The company’s Gaming business reported a whopping 300% growth year-over-year aided by a new product roadmap, solid gross gaming revenue (GGR) in the U.S., and a rebound in the U.K. and Europe.
Additionally, SGMS’s Lottery and Digital businesses reported a solid quarter backed by strong instant retail game sales and record iGaming and Sports Betting revenues, respectively.
Barry Cottle, President and CEO of the company, said, “We have emerged from the pandemic a much stronger Company with significant momentum…Following our strategic review, we will be singularly focused on becoming a leading cross-platform global game company with a focus on content and digital markets. We are moving rapidly to transform our company and I have never been more optimistic about our path forward.”

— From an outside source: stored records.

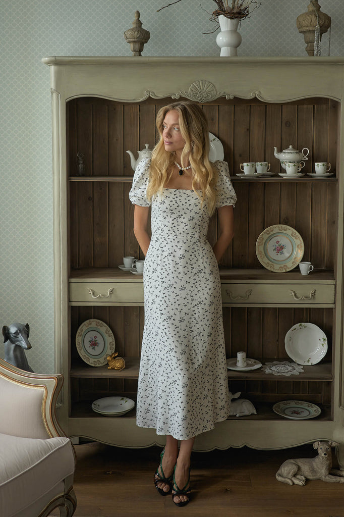 Tea party in the garden with the closests. This silhouette midi dress in Ivory with a godet skirt is for those who opt for a classy look but want to add a little zest while keeping it minimalistic. Trendy square neck makes the appearance elegant and short sleeves make this garment perfect to be your lovely summer outfit. Lined.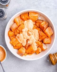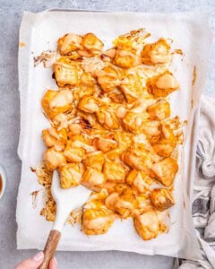 The sweet-spicy flavors of bang bang sauce work so well with seafood like shrimp and salmon. Mayonnaise helps to tone down the spicy flavors and gives this dish a deliciously creamy texture that you’ll love. By cutting the salmon into chunks and baking it at a high heat, it cooks super quickly, so you’ll have dinner on the table in no time. This dish is easy to make, high in protein, and perfect for meal prep.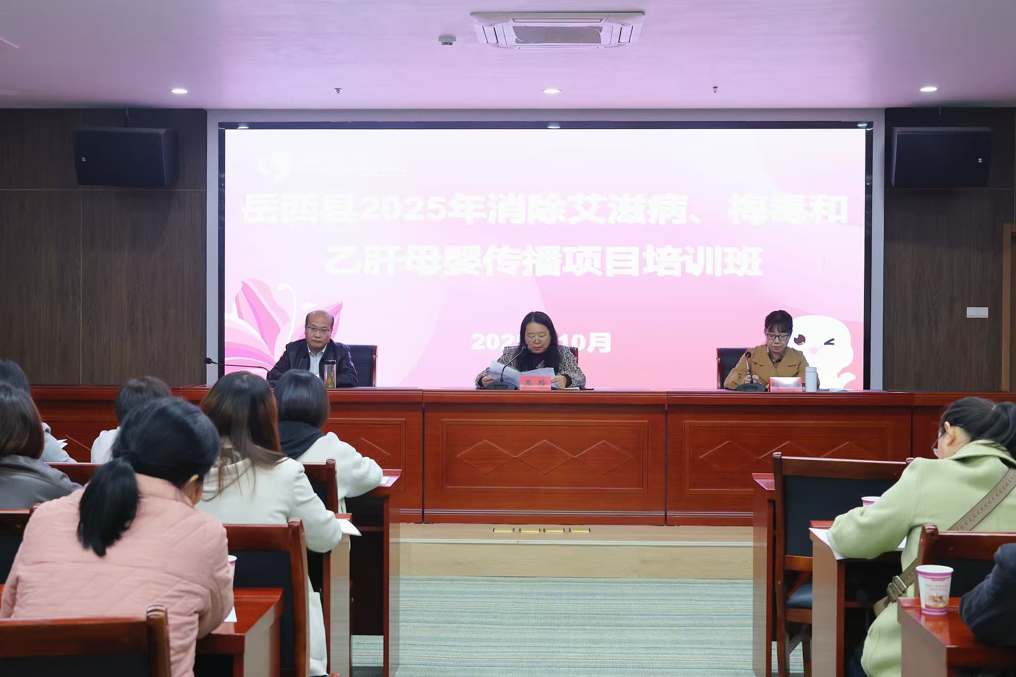 10月30日,岳西县2025年消除艾滋病、梅毒和乙肝母婴传播项目培训班在县妇幼保健院举办。全县各医疗卫生单位负责人、项目专家组及项目各模块工作人员120余人参加培训,县卫健委党委委员、副主任王珍到会指导并讲话。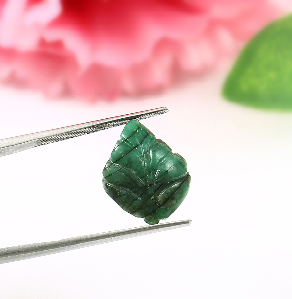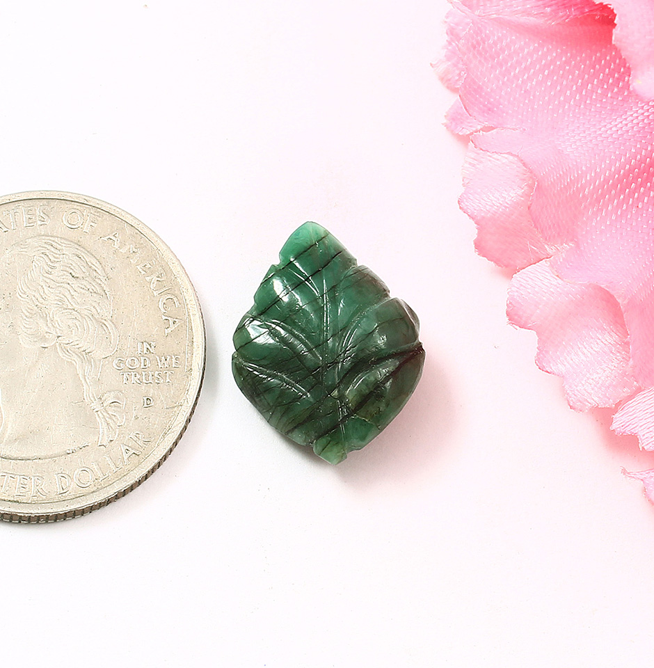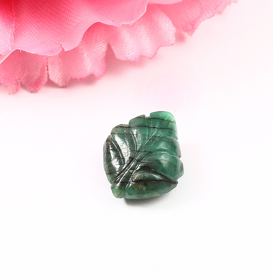Beautiful Leaf Carved Natural Emerald Gemstone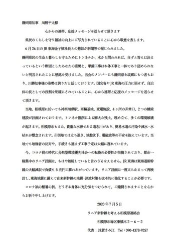 県民の命やくらしを守るため頑張っていらっしゃる川勝知事に、リニア新幹線を考える相模原連絡会から、心からの連帯と応援のメッセージを送りました。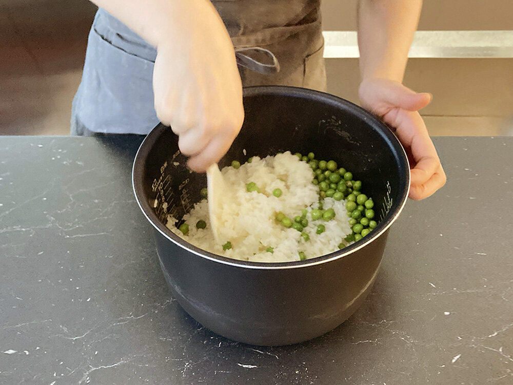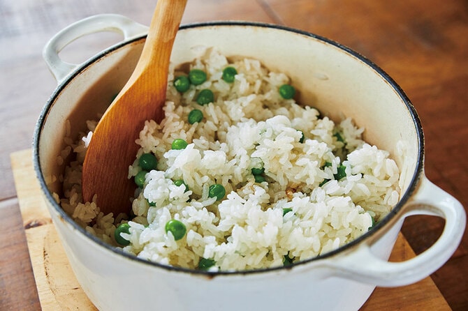 豆もいっしょに炊いて風味豊かに。グリーンピースごはんのレシピセブンプレミアム公式。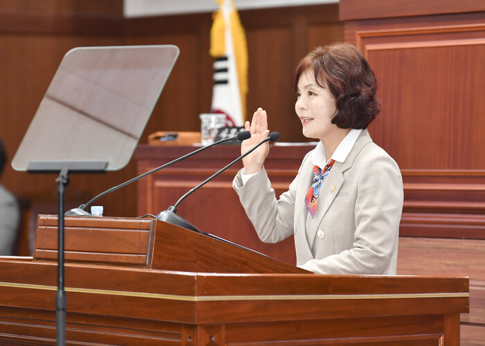 9일 제1차 본회의에서는 안건 상정에 앞서 지난 4월 10일 재선거에서 당선된 김응숙 의원이 의원 선서를 하였다.
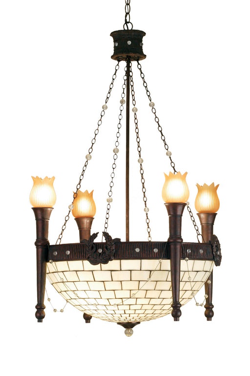 This regal chandelier offers an inverted stained glass shade featuring a Beige brick patterned background. This handsome fixture is crafted with a ...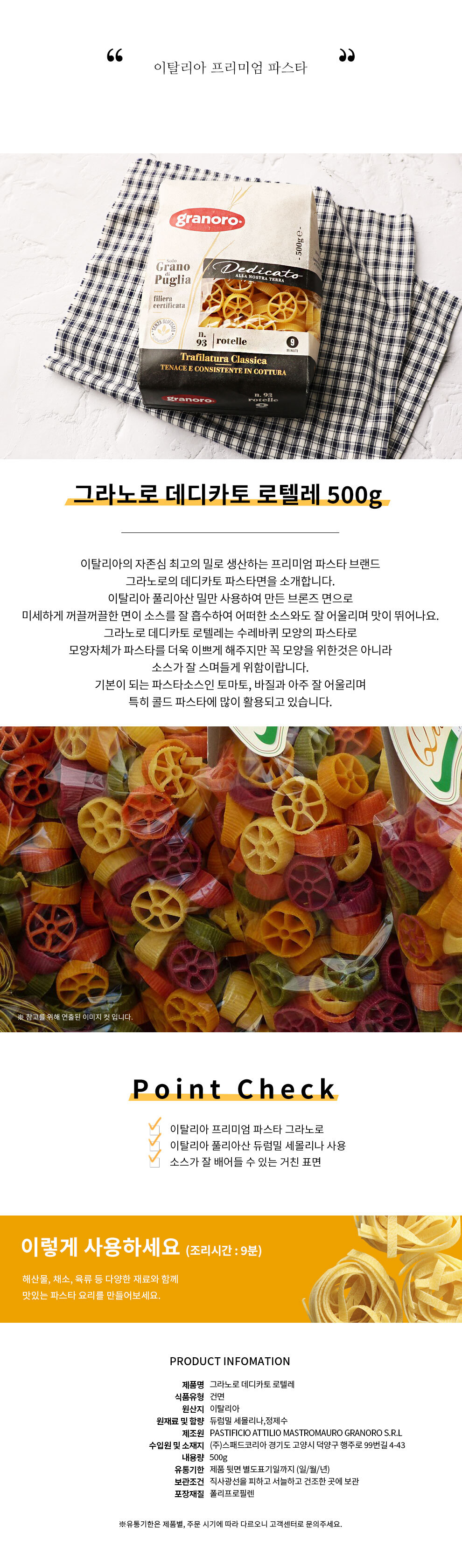 • 그라노로 듀럼밀 파스타면 데디카토 로텔레 500g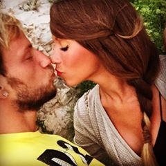 | Hình ảnh hạnh phúc của danh thủ Barca Rakitic bên người đẹp. |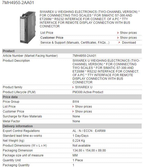 7MH4950-2AA01 7MH4 950-2AA01 Siemens Weighing Module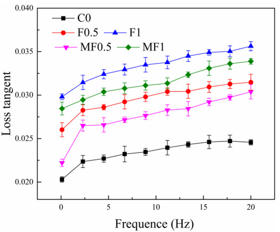 Figure 9 shows cement specimen loss tangents at 0.1–20 Hz. The loss tangent increased for all specimens as the frequency increased. Loss tangents were higher for specimens with added flax fiber as compared to C0, and increasing the fiber content resulted in a greater improvement in the loss tangent, indicating that the addition of flax fiber improved cement damping properties. F0.5 and F1 improved the loss tangent by 29.17% and 45.83%, respectively, relative to C0 at 20 Hz, and MF0.5 and MF1 improved the loss tangent by 25% and 37.5%, respectively, relative to C0 at the same frequency. The loss tangent of alkali-modified flax fiber reinforced cement pastes was lower as compared to that of raw flax fiber reinforced cement pastes. In other words, alkali treatment decreased the damping properties of flax fiber in the cement composites.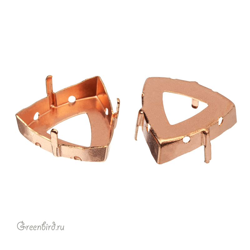 Оправа для ювелирных кристаллов - 4799 Prismatic Triangle FS. Размер: 20 х 20,4 мм, высота боковой стороны (без лапок): 5,5 мм, отверстия: 1,2-1,4 мм. Материал: томпак (разновидность латуни), без покрытия. Технические, подходят для пайки. Допускается неоднородность цвета. В разных партиях цвет может варьироваться от светло-золотого к медному. Производство: Германия. Цена указана за 1 шт.

The company is actively pursuing the divestment of its Lottery and Sports Betting businesses and has also reduced its net debt leverage ratio to 7.2x since the beginning of the year. The company aims to de-lever its balance sheet more significantly with the planned divestitures.
Moreover, SGMS also completed the acquisitions of Koukoi Games, a Finland-based developer of casual games, on July 2, and Lightning Box, a Sydney-based slot developer, on August 4.
Following the results, Deutsche Bank analyst Carlo Santarelli maintained a Hold rating on the stock while lifting the price target to $63 (10% downside potential) from $54.
Santarelli noted certain highlights from the results, including strong domestic participation yields, very strong lottery segment results, and continued margin efficiency.
The analyst also said, “Management noted that they expect the content and digital business to be comparable in size to the land-based business within three years, while also expecting leverage to fall in line with public peers within two years.”
Overall, the stock has a Moderate Buy consensus rating based on 4 Buys, 3 Holds, and 1 Sell. The average Scientific Games price target of $75.25 implies 7.6% upside potential to current levels. Shares have exploded 246% over the past year.